Au XIXe siècle, le caractère sacré du sein va perdurer, notamment à tra-
vers les révolutions qui émaillent ce siècle. Par exemple, avec son tableau
La Liberté guidant le peuple, qui est une allégorie de la révolution de
1830, Eugène Delacroix sacralise le sein avec au premier plan une
femme, figure par excellence de la liberté, à la poitrine nue. La liberté
étant une abstraction, elle est tout naturellement représentée sous les traits
d’une femme dans l’iconographie traditionnelle. Cette sacralisation du
sein se retrouve également chez Victor Hugo. Ainsi, dans L’homme qui rit,
un bébé est retrouvé dans la neige sur la poitrine de sa mère morte avec
une goutte de lait gelée, dit le texte. Le sein prend là toute sa dimension
sacrée. La mère nourricière accomplit l’acte nourricier jusque dans son
dernier souffle. Plus tard, dans son roman Quatrevingt-treize, Hugo
reprendra cette image du sein maternel, cette fois-ci tari. Le sein exprime
à lui seul le désarroi d’une mère qui ne peut nourrir sa progéniture. La
détresse qui s’exprime enveloppe là encore le sein d’une aura sacrée.

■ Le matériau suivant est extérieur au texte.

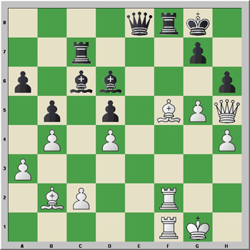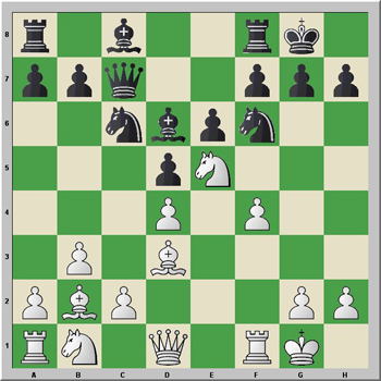 1.d4 Cf6 2.Cf3 e6 3.e3 c5 4.Ad3 d5 5.b3 Cc6 6.O-O Ad6 7.Ab2 O-O 8.Ce5 Dc7 9.f4 cxd4 10.exd4 Cb4 11.Cc3 Cxd3 12.Dxd3 Ad7 13.Tf3 Tfc8
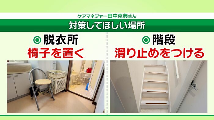 田中さんは、「着替えるときは片足立ちでバランスを崩しやすいので、脱衣所に椅子を置く」「階段に滑り止めテープを貼る」など、リフォームを検討する前にできる対策もアドバイス。

La littérature, comme la peinture, est remplie de scènes d’allaitement.
Dans le même temps, caricatures et affiches de propagande exposent la
poitrine féminine. En 1848, Daumier, dans La République nourrit ses
enfants et les instruit, charité d’inspiration romaine et chrétienne, réunit,
à travers une allégorie de la République, les attributs de la femme protec-
trice et de la mère nourricière pour le peuple.
Avec la Commune s’affirme le culte de la combattante révolutionnaire
qui symbolise, avec sa poitrine dénudée, l’abondance.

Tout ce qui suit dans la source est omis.